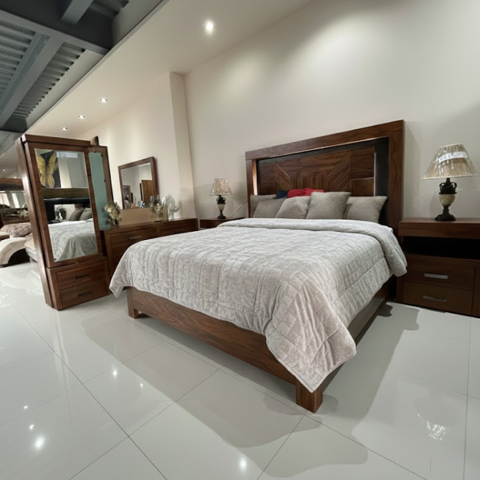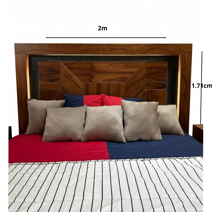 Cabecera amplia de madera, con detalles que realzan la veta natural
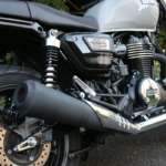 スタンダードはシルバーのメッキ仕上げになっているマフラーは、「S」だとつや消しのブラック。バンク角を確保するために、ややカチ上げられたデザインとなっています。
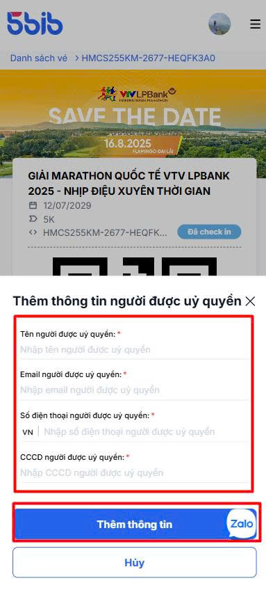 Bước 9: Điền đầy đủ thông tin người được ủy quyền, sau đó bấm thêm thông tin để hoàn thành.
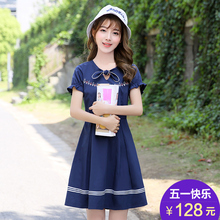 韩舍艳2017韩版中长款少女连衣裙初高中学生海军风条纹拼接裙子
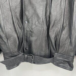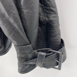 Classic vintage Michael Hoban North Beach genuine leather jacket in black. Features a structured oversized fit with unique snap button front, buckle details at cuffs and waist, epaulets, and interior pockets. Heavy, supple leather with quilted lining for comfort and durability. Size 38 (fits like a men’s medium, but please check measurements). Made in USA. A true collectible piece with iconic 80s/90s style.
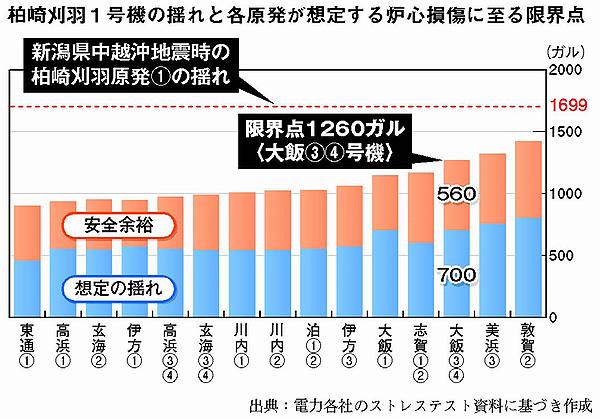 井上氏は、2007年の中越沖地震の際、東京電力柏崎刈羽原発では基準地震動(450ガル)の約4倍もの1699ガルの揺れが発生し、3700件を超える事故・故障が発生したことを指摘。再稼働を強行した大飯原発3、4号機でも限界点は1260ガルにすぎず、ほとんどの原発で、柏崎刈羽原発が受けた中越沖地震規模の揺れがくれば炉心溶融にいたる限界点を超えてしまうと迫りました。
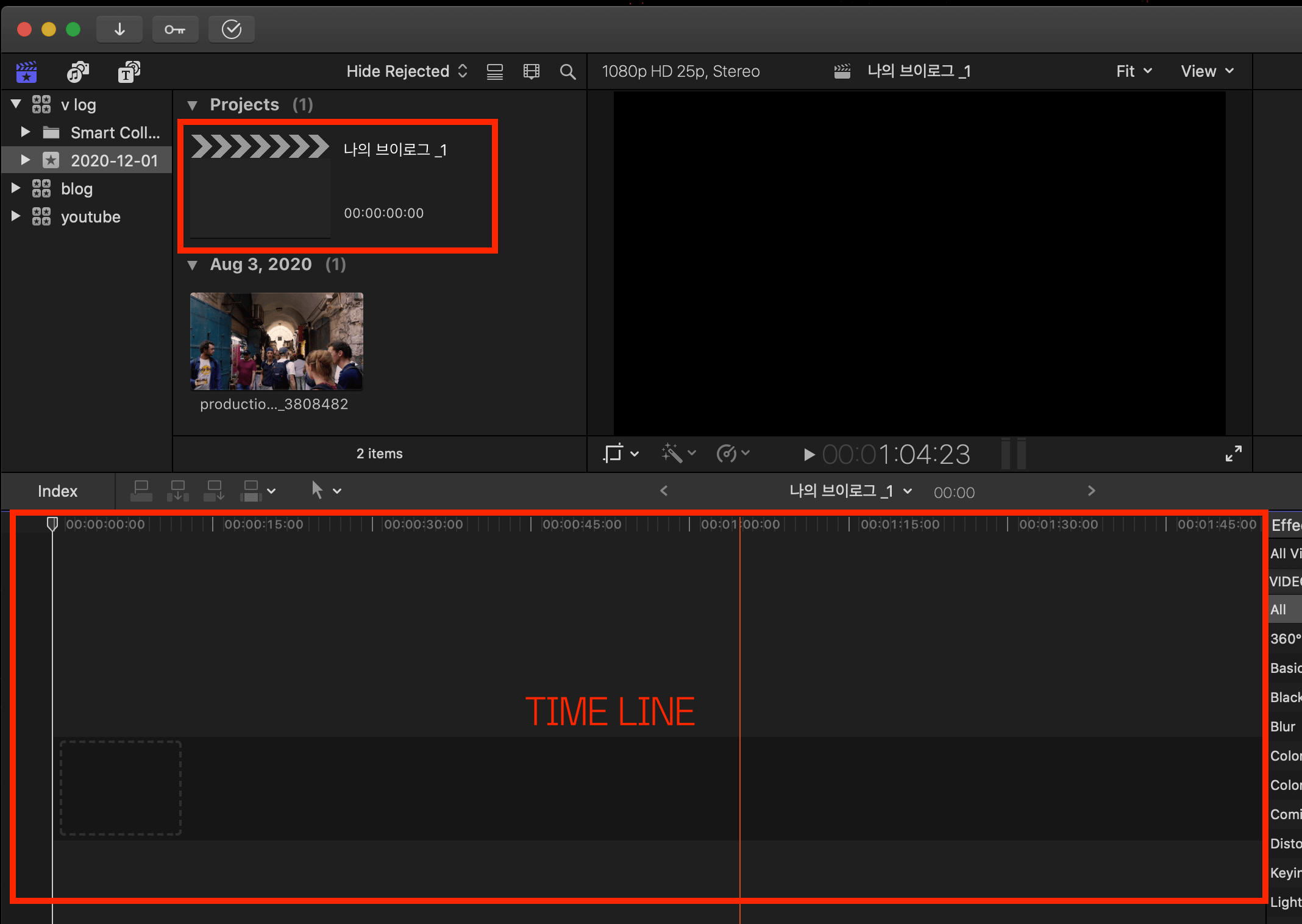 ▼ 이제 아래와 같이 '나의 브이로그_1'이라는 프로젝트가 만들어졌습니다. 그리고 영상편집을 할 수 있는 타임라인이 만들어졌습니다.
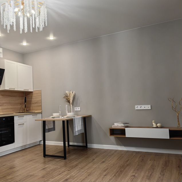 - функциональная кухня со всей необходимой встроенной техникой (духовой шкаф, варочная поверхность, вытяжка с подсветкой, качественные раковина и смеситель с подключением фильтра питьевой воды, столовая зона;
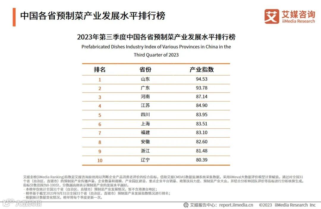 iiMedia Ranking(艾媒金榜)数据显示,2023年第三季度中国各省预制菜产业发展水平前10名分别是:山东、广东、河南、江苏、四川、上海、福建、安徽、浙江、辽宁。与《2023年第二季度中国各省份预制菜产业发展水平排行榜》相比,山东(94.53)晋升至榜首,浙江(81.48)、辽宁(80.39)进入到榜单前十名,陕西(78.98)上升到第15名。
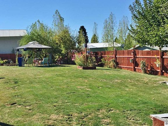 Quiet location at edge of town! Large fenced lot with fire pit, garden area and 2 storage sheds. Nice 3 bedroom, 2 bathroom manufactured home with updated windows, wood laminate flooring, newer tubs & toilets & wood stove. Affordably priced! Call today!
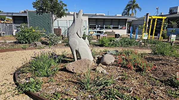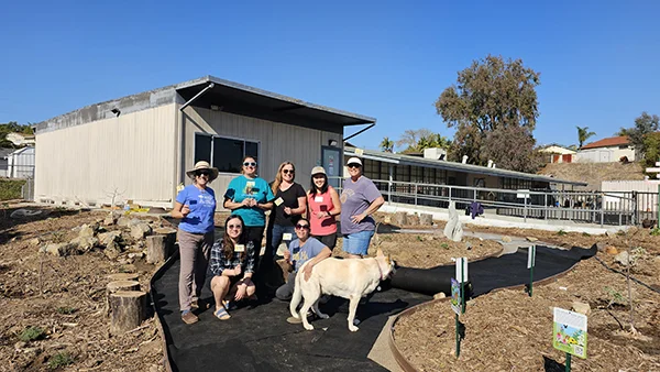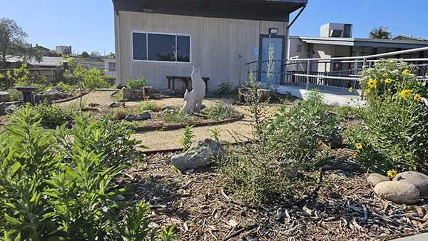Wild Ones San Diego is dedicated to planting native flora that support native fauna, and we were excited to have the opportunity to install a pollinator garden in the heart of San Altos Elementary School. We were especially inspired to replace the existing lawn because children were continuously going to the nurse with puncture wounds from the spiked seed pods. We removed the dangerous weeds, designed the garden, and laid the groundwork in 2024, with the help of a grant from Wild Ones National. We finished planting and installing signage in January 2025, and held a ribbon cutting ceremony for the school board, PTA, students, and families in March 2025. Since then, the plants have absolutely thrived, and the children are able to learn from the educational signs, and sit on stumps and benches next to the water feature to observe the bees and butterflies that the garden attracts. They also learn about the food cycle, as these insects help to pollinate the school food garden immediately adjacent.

- **About this task**
Going by the data above, the answer is exactly the lines from the one holding "スタンダードはシルバーのメッ" to the one holding "Quiet location at", both kept, with the pictures left out.

- **Finished task**
 スタンダードはシルバーのメッキ仕上げになっているマフラーは、「S」だとつや消しのブラック。バンク角を確保するために、ややカチ上げられたデザインとなっています。
 Bước 9: Điền đầy đủ thông tin người được ủy quyền, sau đó bấm thêm thông tin để hoàn thành.
 韩舍艳2017韩版中长款少女连衣裙初高中学生海军风条纹拼接裙子
 Classic vintage Michael Hoban North Beach genuine leather jacket in black. Features a structured oversized fit with unique snap button front, buckle details at cuffs and waist, epaulets, and interior pockets. Heavy, supple leather with quilted lining for comfort and durability. Size 38 (fits like a men’s medium, but please check measurements). Made in USA. A true collectible piece with iconic 80s/90s style.
 井上氏は、2007年の中越沖地震の際、東京電力柏崎刈羽原発では基準地震動(450ガル)の約4倍もの1699ガルの揺れが発生し、3700件を超える事故・故障が発生したことを指摘。再稼働を強行した大飯原発3、4号機でも限界点は1260ガルにすぎず、ほとんどの原発で、柏崎刈羽原発が受けた中越沖地震規模の揺れがくれば炉心溶融にいたる限界点を超えてしまうと迫りました。
 ▼ 이제 아래와 같이 '나의 브이로그_1'이라는 프로젝트가 만들어졌습니다. 그리고 영상편집을 할 수 있는 타임라인이 만들어졌습니다.
 - функциональная кухня со всей необходимой встроенной техникой (духовой шкаф, варочная поверхность, вытяжка с подсветкой, качественные раковина и смеситель с подключением фильтра питьевой воды, столовая зона;
 iiMedia Ranking(艾媒金榜)数据显示,2023年第三季度中国各省预制菜产业发展水平前10名分别是:山东、广东、河南、江苏、四川、上海、福建、安徽、浙江、辽宁。与《2023年第二季度中国各省份预制菜产业发展水平排行榜》相比,山东(94.53)晋升至榜首,浙江(81.48)、辽宁(80.39)进入到榜单前十名,陕西(78.98)上升到第15名。
 Quiet location at edge of town! Large fenced lot with fire pit, garden area and 2 storage sheds. Nice 3 bedroom, 2 bathroom manufactured home with updated windows, wood laminate flooring, newer tubs & toilets & wood stove. Affordably priced! Call today!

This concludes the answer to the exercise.